This function produces the union of the first and second minimum
spanning trees (MSTs) as an object of class igraph
(check package
igraph
for details). It can as well return the first and
second minimum spanning trees when return.MST2only
is FALSE
(default). It starts by calculating the correlation (coexpression) matrix and
using it to obtain a weighting matrix for a complete graph using the equation
$w_{ij} = 1 - |r_{ij}|$ where $r_{ij}$ is the correlation between
features $i$ and $j$ and $w_{ij}$ is the weight of the link between
vertices (nodes) $i$ and $j$ in the graph $G(V,E)$.For the graph $G(V,E)$ where V is the set of vertices and E is the set of
edges, the first MST is defined as the acyclic subset $T_{1} \subseteq E$
that connects all vertices in V and whose total length
$\sum_{i,j \in T_{1}} d(v_{i},v_{j})$ is minimal
(Rahmatallah et. al. 2014).

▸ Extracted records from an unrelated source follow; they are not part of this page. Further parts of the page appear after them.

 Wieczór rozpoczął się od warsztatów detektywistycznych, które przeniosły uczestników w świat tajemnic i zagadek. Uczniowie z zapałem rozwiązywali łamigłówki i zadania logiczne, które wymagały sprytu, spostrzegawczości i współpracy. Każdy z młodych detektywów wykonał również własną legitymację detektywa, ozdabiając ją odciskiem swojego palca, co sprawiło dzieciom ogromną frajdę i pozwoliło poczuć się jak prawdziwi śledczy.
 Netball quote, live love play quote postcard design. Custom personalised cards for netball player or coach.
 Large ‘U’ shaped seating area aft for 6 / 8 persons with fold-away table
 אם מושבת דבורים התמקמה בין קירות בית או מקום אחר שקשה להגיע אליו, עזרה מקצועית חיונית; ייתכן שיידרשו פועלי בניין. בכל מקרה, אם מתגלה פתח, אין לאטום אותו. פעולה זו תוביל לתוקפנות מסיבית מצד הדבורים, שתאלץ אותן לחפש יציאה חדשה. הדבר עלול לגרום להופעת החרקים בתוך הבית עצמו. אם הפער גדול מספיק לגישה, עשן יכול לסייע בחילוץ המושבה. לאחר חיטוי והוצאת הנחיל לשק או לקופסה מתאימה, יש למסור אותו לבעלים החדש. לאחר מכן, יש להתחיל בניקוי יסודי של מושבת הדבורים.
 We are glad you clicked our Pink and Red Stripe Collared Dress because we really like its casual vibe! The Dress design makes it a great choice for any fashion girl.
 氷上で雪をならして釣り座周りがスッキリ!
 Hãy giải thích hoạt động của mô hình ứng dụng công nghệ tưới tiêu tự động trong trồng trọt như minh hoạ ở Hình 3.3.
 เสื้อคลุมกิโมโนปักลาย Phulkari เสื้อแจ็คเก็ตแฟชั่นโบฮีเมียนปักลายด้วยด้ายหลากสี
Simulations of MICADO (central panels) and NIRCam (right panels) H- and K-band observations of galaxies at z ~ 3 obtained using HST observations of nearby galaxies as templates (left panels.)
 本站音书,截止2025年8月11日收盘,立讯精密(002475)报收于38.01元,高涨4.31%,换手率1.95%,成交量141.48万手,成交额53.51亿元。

The second MST is defined as the MST of the
reduced graph $G(V,E-T_{1})$. The union of the first and second MSTs is
denoted as MST2.
It was shown in Rahmatallah et. al. 2014 that MST2 can be used as a graphical
visualization tool to highlight the most highly correlated genes in the
correlation network. A gene that is highly correlated with all the other genes
tends to occupy a central position and has a relatively high degree in the MST2
because the shortest paths connecting the vertices of the first and second MSTs
tend to pass through the vertex corresponding to this gene. In contrast, a gene
with low intergene correlations most likely occupies a non-central position in
the MST2 and has a degree of 2.
In rare cases, a feature may have a constant or nearly constant level across
the samples. This results in a zero or a tiny standard deviation. Such case
produces an error in command cor
used to compute the correlations
between features. To avoid this situation, standard deviations are checked in
advance and if any is found below the minimum limit min.sd
(default is 1e-3
), the execution stops and an error message is returned
indicating the the number of feature causing the problem (if only one the
index of that feature is given too).